= Beginning of Section =
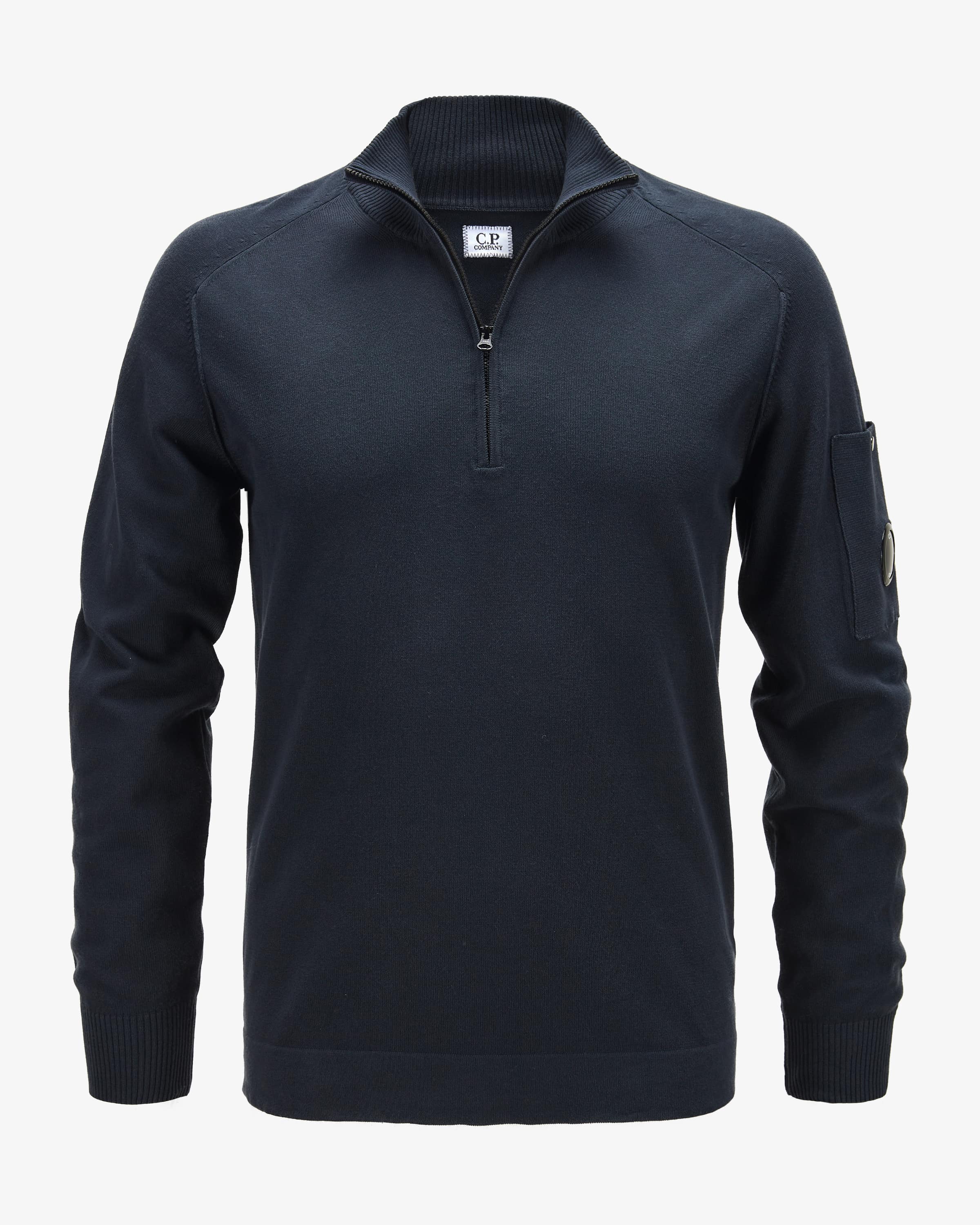Troyer für Herren von C.P. Company in Navy. Die italienische Marke verbindet Militärästhetik mit Funktion und ist bekannt für innovative Materialien und Färbetechniken. Dieses Modell punktet dank leichter Baumwoll-Qualität mit angenehmer Strick-Haptik, während die Troyer-Aufmachung mit markanten Nähten sowie die Ärmeltasche mit charakteristischer Logo-Applikation den Look sportiv unterstreichen und die Ästhetik gekonnt widerspiegeln.
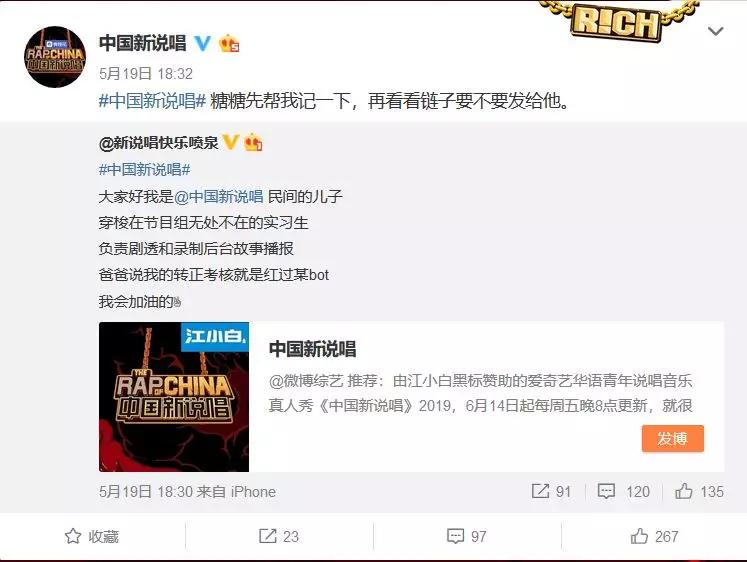 没想到,节目组不但没有谴责这种行为,还加入了剧透大军。新浪微博上,被称为新说唱民间儿子的@新说唱快乐源泉,便专门负责“剧透”,目标则是超过某剧透bot。
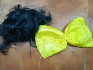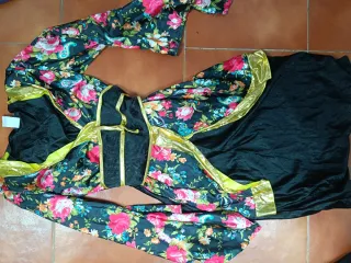 Disfraz con estampado floral inspirado en el kimono japonés. Talla 8-10 - Mangas largas acampanadas. - Detalles dorados. - Tejido ligero. Lazo para espalda y peluca
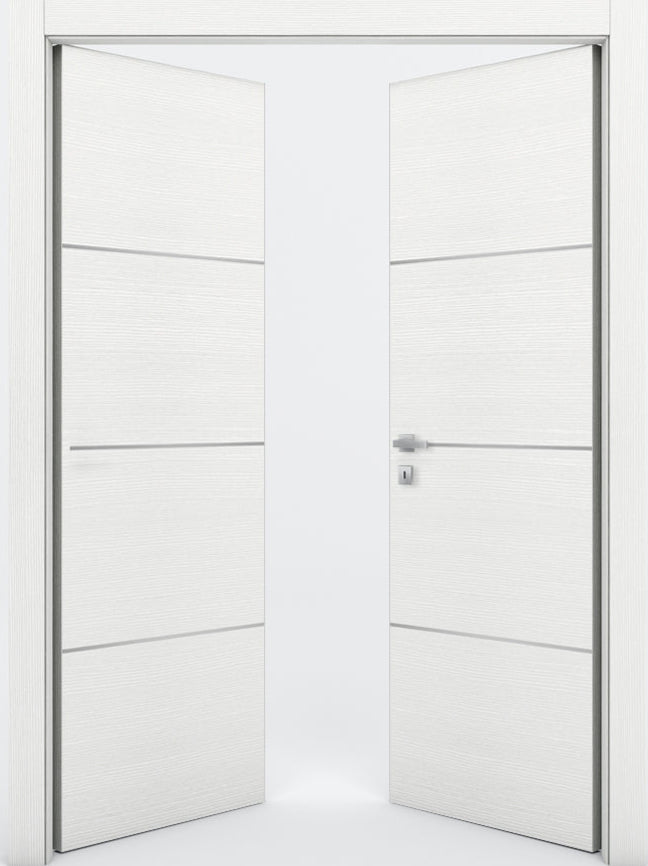 Compatible with multiple configurations, the Braga 3H can be ordered as a Single Door, Double Door, Pocket Door, Barn Door, By-pass, Bi-fold, or integrated into a Magic concealed system. Its availability in custom sizes ensures the door can be tailored precisely to your architectural needs, whether for standard rooms, unique openings, or space-saving applications.
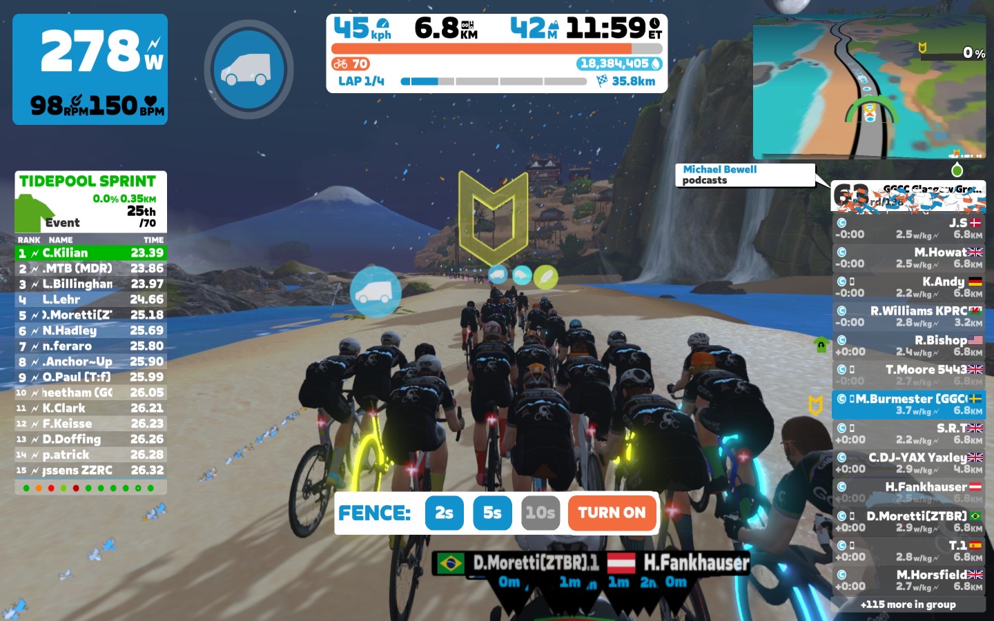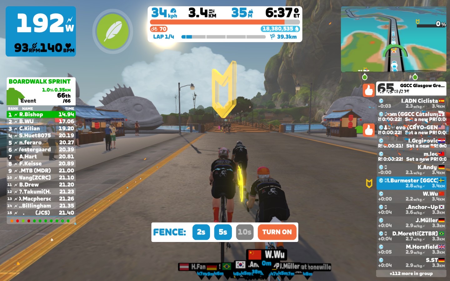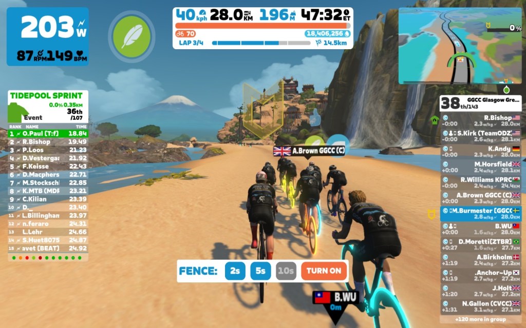 Today I was leading our GGCC team through the virtual streets of Makuri Islands on the “Fine and Sandy” course on the Zwift riding platform. In total it was a four lap training ride with two sprints each lap and an optional mini-race at the end of the ride.
= End of Section =
**WHAT TO WORK ON**
An exact repetition of all the records above is required, excluding the pictures.

**EXERCISE OUTPUT**
Troyer für Herren von C.P. Company in Navy. Die italienische Marke verbindet Militärästhetik mit Funktion und ist bekannt für innovative Materialien und Färbetechniken. Dieses Modell punktet dank leichter Baumwoll-Qualität mit angenehmer Strick-Haptik, während die Troyer-Aufmachung mit markanten Nähten sowie die Ärmeltasche mit charakteristischer Logo-Applikation den Look sportiv unterstreichen und die Ästhetik gekonnt widerspiegeln.
 没想到,节目组不但没有谴责这种行为,还加入了剧透大军。新浪微博上,被称为新说唱民间儿子的@新说唱快乐源泉,便专门负责“剧透”,目标则是超过某剧透bot。
 Disfraz con estampado floral inspirado en el kimono japonés. Talla 8-10 - Mangas largas acampanadas. - Detalles dorados. - Tejido ligero. Lazo para espalda y peluca
 Compatible with multiple configurations, the Braga 3H can be ordered as a Single Door, Double Door, Pocket Door, Barn Door, By-pass, Bi-fold, or integrated into a Magic concealed system. Its availability in custom sizes ensures the door can be tailored precisely to your architectural needs, whether for standard rooms, unique openings, or space-saving applications.
 Today I was leading our GGCC team through the virtual streets of Makuri Islands on the “Fine and Sandy” course on the Zwift riding platform. In total it was a four lap training ride with two sprints each lap and an optional mini-race at the end of the ride.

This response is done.